The philosophy is serving Sunset well. It allows Giner to do what he wants: concentrate on artisan pizza with proven methods and the best available ingredients. And though he was always infatuated with pizza, it may not have been his first choice for a restaurant concept had he not met Pizza Today “Dough Doctor” Tom Lehmann.
“I had a small restaurant in Mexico before,” says Giner. “We made Argentine food. But then I took a course with Tom Lehmann and it got me really interested in dough. I worked on our dough for months before I ever got this building.”
That said, Giner admits his dough “is no mystery. It has high-protein fl our, water, instant dry yeast, oil and salt.”
As for other prime ingredients, Sunset customizes a premium canned tomato sauce to meet its needs, uses whole-milk mozzarella and ricotta, and makes its own sausage by grinding and spicing Boston butt.

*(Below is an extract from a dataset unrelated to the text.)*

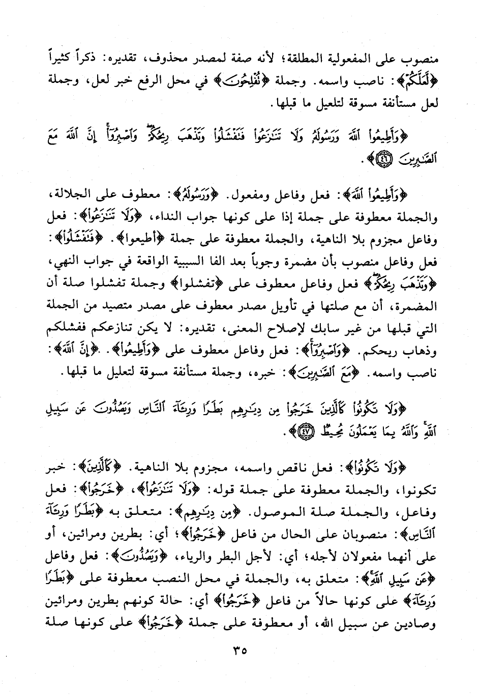 {وَأَطِيعُوا اللَّهَ}: فعل وفاعل ومفعول. {وَرَسُولَهُ}: معطوف على الجلالة، والجملة معطوفة على جملة إذا على كونها جواب النداء، {وَلَا تَنَازَعُوا}: فعل وفاعل مجزوم بلا الناهية، والجملة معطوفة على جملة {وَأَطِيعُوا}. {فَتَفْشَلُوا}: فعل وفاعل منصوب بأن مضمرة وجوبًا بعد الفاء السببية الواقعة في جواب النهي، {وَتَذْهَبَ رِيحُكُمْ} فعل وفاعل معطوف على {تفشلوا} وجملة تفشلوا صلة أن المضمرة، أن مع صلتها في تأويل مصدر معطوف على مصدر متصيد من الجملة التي قبلها من غير سابك لإصلاح المعنى، تقديره: لا يكن تنازعكم ففشلكم وذهاب ريحكم. {وَاصْبِرُوا}: فعل وفاعل معطوف على {وَأَطِيعُوا} .. {إِنَّ اللَّهَ}: ناصب واسمه. {مَعَ الصَّابِرِينَ}: خبره، وجملة مستأنفة مسوقة لتعليل ما قبلها.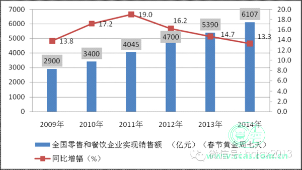 图1. 2009-2014历年春节黄金周零售和餐饮市场表现

“It’s just another interest of mine,” Giner says of the labor it takes to make sausage. “I add a lot of spice to it to make it really flavorful. I also shred the mozzarella daily and grate the Parmesan wheels. It takes a lot of work to get the prep done before we ever open, but it’s worth it because it provides us with a point of difference from what’s out there — and our cusotmers like it.”
The aforementioned sausage is featured on the spicy three-meat pizza along with pepperoni, capicolla and cherry peppers. It’s one of Sunset’s top-selling pizzas, along with the Rustica, which contains mozzarella, prosciutto di Parma, mushrooms, artichoke hearts and kalamata olives.

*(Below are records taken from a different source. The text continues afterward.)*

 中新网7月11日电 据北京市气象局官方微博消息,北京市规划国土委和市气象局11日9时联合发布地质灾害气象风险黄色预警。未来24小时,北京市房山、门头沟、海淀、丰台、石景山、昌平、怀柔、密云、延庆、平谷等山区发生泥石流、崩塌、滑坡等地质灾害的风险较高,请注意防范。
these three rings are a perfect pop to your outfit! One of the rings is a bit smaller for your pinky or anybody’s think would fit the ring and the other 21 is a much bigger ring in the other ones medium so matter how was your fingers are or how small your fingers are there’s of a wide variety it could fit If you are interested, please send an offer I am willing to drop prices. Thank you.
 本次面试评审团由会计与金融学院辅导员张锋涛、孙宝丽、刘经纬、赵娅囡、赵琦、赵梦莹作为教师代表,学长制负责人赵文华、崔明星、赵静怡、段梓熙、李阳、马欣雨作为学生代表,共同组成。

“Of course, just like everywhere else, our best seller is a pepperoni pizza,” Giner says. “But our Chicken Chipotle is a good seller, along with our Bianca Alla Verdura white pizza.”
The Bianca Alla Verdura offers mozzarella and feta cheeses, grilled eggplant, artichoke hearts, mushrooms and marinated peppers.
Giner is the lone full-time employee at Sunset Pizzeria. “We have a lot of UTEP students here working,” he says. “And some of the guys in our kitchen work here in the morning and at another restaurant in the evening.”
Keeping all employees on part-time schedules helps control costs, an important consideration for Giner’s small operation.
“In the beginning I was just focused on keeping it going,” he says. “In the beginning, you can’t set your expectations too high. This business will burn you out tremendously fast if you do that. I started out basically working for pizza and beer and gas money. I worked it day-to-day to keep it going.”
While it’s a stressful way to go, it had its advantages for Giner in terms of not taking on loads of debt.
“Since we opened I’ve never had to put money into it, so that’s been nice,” he says. In this economy, that comes as a surprise to many. But Giner says El Paso’s isolation has worked in its favor in regards to the economic climate.
“The DEA, FBI … every acronym you can think of is here,” he says. “So with the economy, we’ve been very lucky because we benefit from the presence of the federal government.” ?
Jeremy White is editor-in-chief of Pizza Today.